Hello,
I have read that there is no garbage collection in GPUs. I have an algorithm where I use an Array{Array{CuArrays{Float32,1},1}}
as a buffer. From that I sample a batch that I transform in a NTuple{CuArrays, N}
to feed a training loop in Flux with. The buffer has a fixed size and I regularly generate new elements (Array{CuArrays{Float32,1},1}
) to replace the old ones. I think that when I do that I replace pointers to CuArrays with other ones without freeing the Vmemory. I know that a solution is to bring the CuArray back to the cpu and then erase it but I think that’s highly inefficient and very slow. My first question is: is there a way to free that memory without the costly transfer to cpu ?
Here’s an example:
buffer = Array{Array{CuArrays{Float32,1},1}}()
... populate the buffer to its fixed size.

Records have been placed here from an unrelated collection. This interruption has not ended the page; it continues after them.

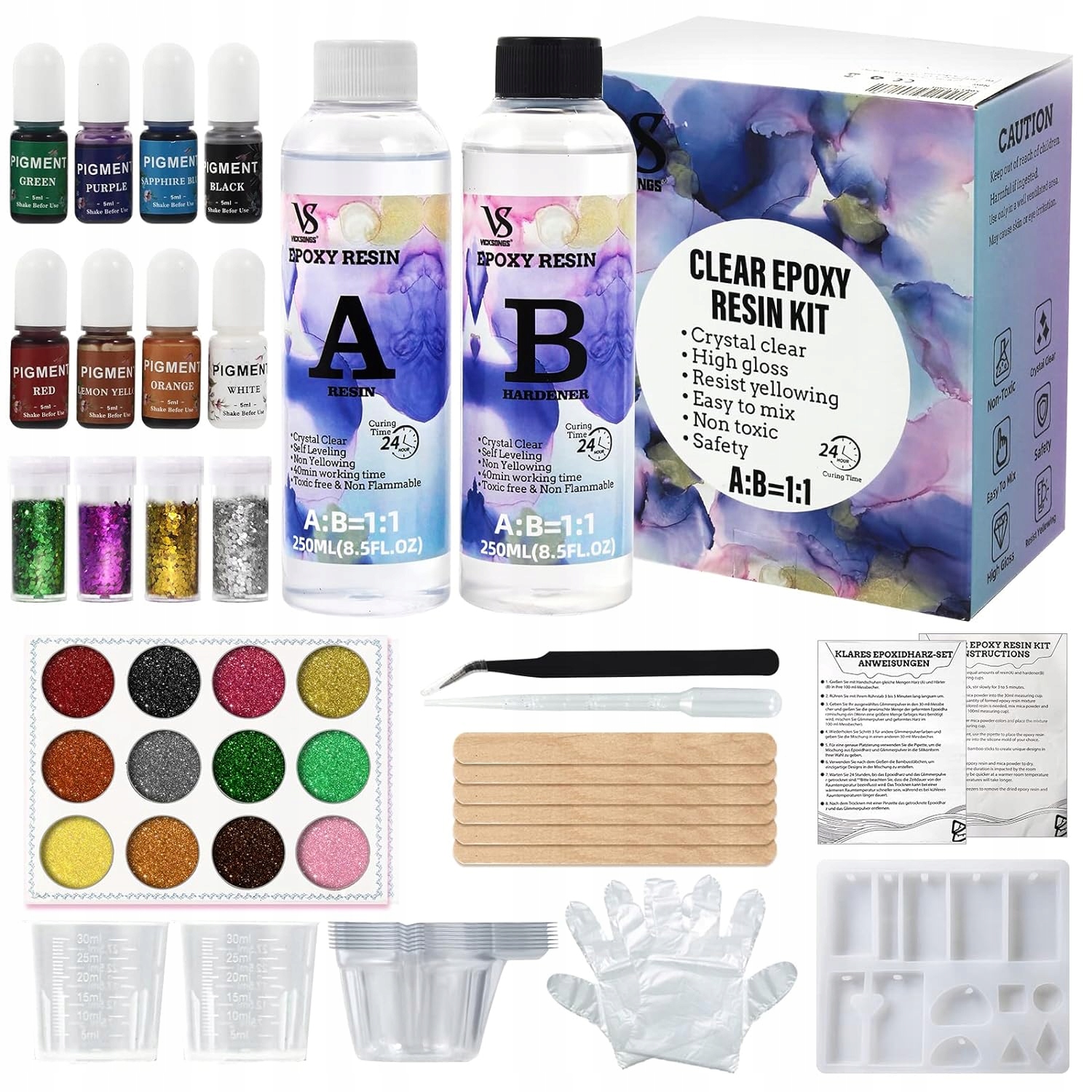 ✅ НАБОР ДЛЯ ЛИТЬЯ ЭПОКСИДНОЙ СМОЛЫ ФОРМЫ КРАСИТЕЛИ И АКСЕССУАРЫ 500 МЛ
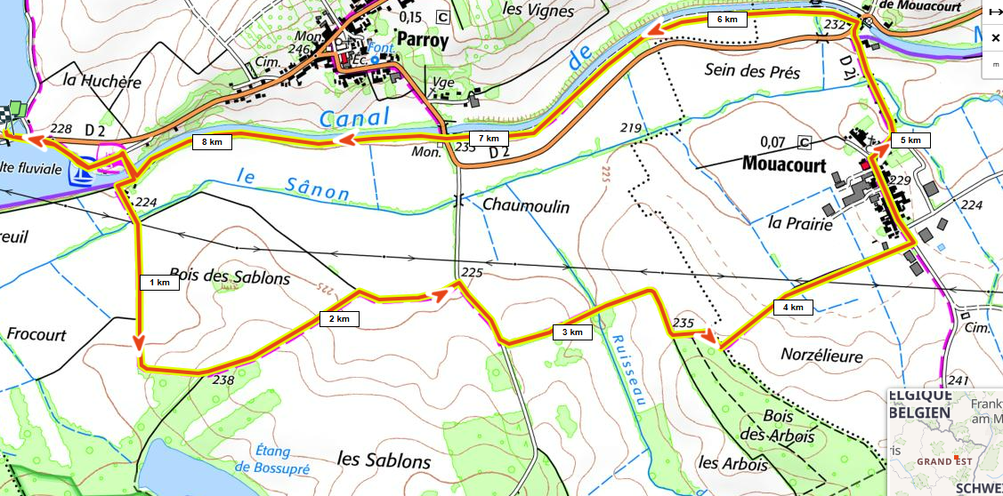 Boucle facile vers Mouacourt et Parroy. dénivelé 75m. retour par la voie verte
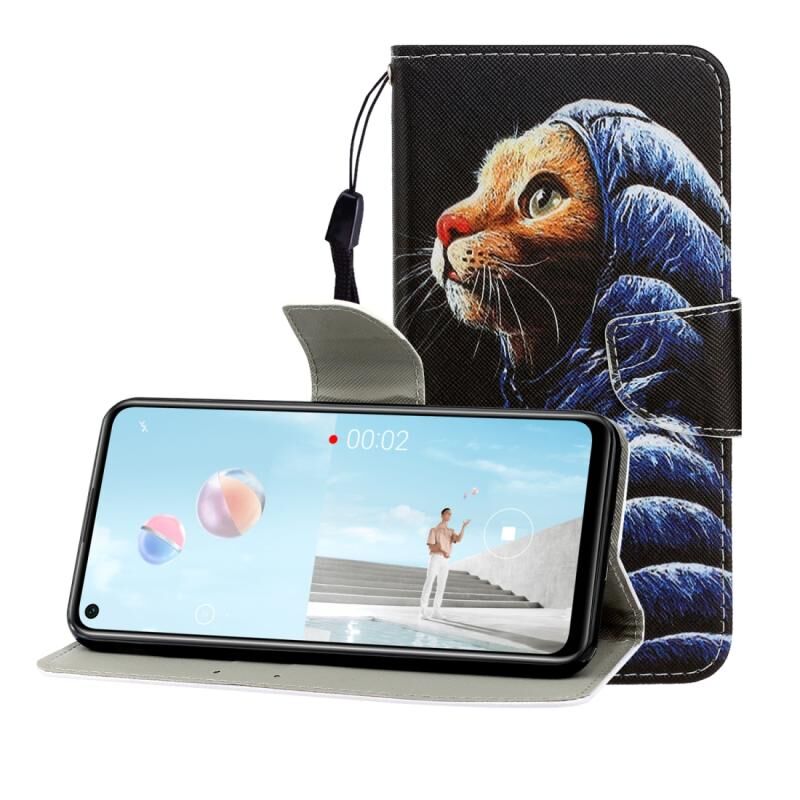 Θήκη δέρματος οριζόντιας αναδίπλωσης με σχέδιο για Huawei Nova 7 SE με βάση στήριξης & υποδοχή κάρτας & πορτοφόλι (Γάτα με πουπουλένιο μπουφάν)
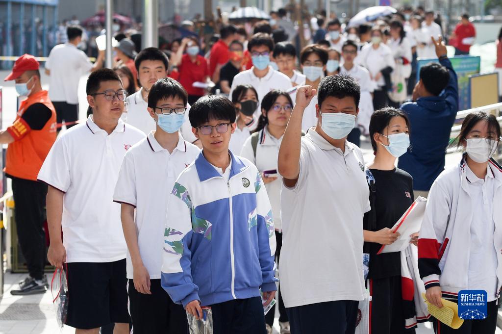 6月7日,在北京市陳經(jīng)綸中學(xué)考點(diǎn),考生在排隊(duì)進(jìn)入考點(diǎn)時(shí)向家長(zhǎng)和老師致意。
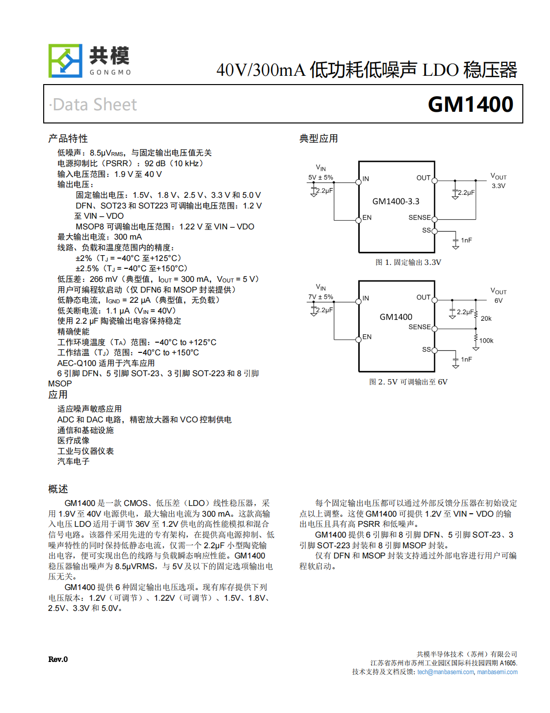 GM1400是一款CMOS、低壓差(LDO)線性穩(wěn)壓器,采用1.9V至40V電源供電,最大輸出電流為300 mA。這款高輸入電壓LDO適用于調(diào)節(jié)36V至1.2V供電的高性能模擬和混合信號(hào)電路。該器件采用先進(jìn)的專(zhuān)有架構(gòu),在提供高電源抑制、低噪聲特性的同時(shí)保持低靜態(tài)電流,僅需一個(gè)2.2μF小型陶瓷輸出電容,便可實(shí)現(xiàn)出色的線路與負(fù)載瞬態(tài)響應(yīng)性能。GM1400穩(wěn)壓器輸出噪聲為8.5μVRMS,與5V及以下的固定選項(xiàng)輸出電壓無(wú)關(guān)。
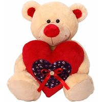Milutki miś Pierrot z czerwonym noskiem i uszkami, w rączce trzyma czerwonogranatowe serduszko z kokardką i drewnianym guziczkiem na środku.
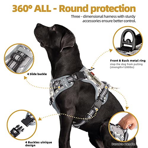 • Harnais pour chien sans traction et réfléchissant : deux attaches de laisse en métal sécurisées de notre harnais pour chien sans traction sont conçues pour différentes occasions. Clip dorsal quotidien pour la marche ou le jogging décontracté des chiens bien entraînés. Le clip avant anti-traction aide à décourager votre chien de tirer. Les motifs réfléchissants super brillants garantissent une haute visibilité la nuit pour plus de sécurité.
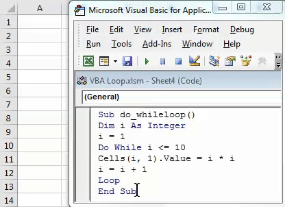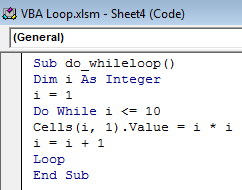 Sub do_whileloop() Dim i As Integer i = 1 Do While i <= 10 Cells(i, 1).Value = i * i i = i + 1 Loop End Sub

x::Array{CuArray{Float32,1},1}()
y::Array{CuArray{Float32,1},1}()#(say that N = 2)
batch = rand(buffer, 20)
for element in batch
push!(x, element[1])
push!(y, element[2])
end
x = Flux.batch(x) # produces a CuArray{Float32,2}
y = Flux.batch(y) # produces a CuArray{Float32,2}
data = (x,y)
... train a network on data
newElement::Array{CuArrays{Float32,1},1} = generateanewelement()
push!(buffer, newElement)
popfirst!(buffer) #the popped element is an array of pointers, the VRAM is not freed
I though that I could simply overwrite the old element with the new at the same location (which would be the most efficient way to go). Say I do that this way:
function overwriteoldelement(buffer, indexofoldest)
buffer[indexofoldest][1] = generatenewX()
buffer[indexofoldest][2] = generatenewY() #these two output CuArrays
end
I don’t think this overwrites the memory, it simply changes the pointer or something like that right ?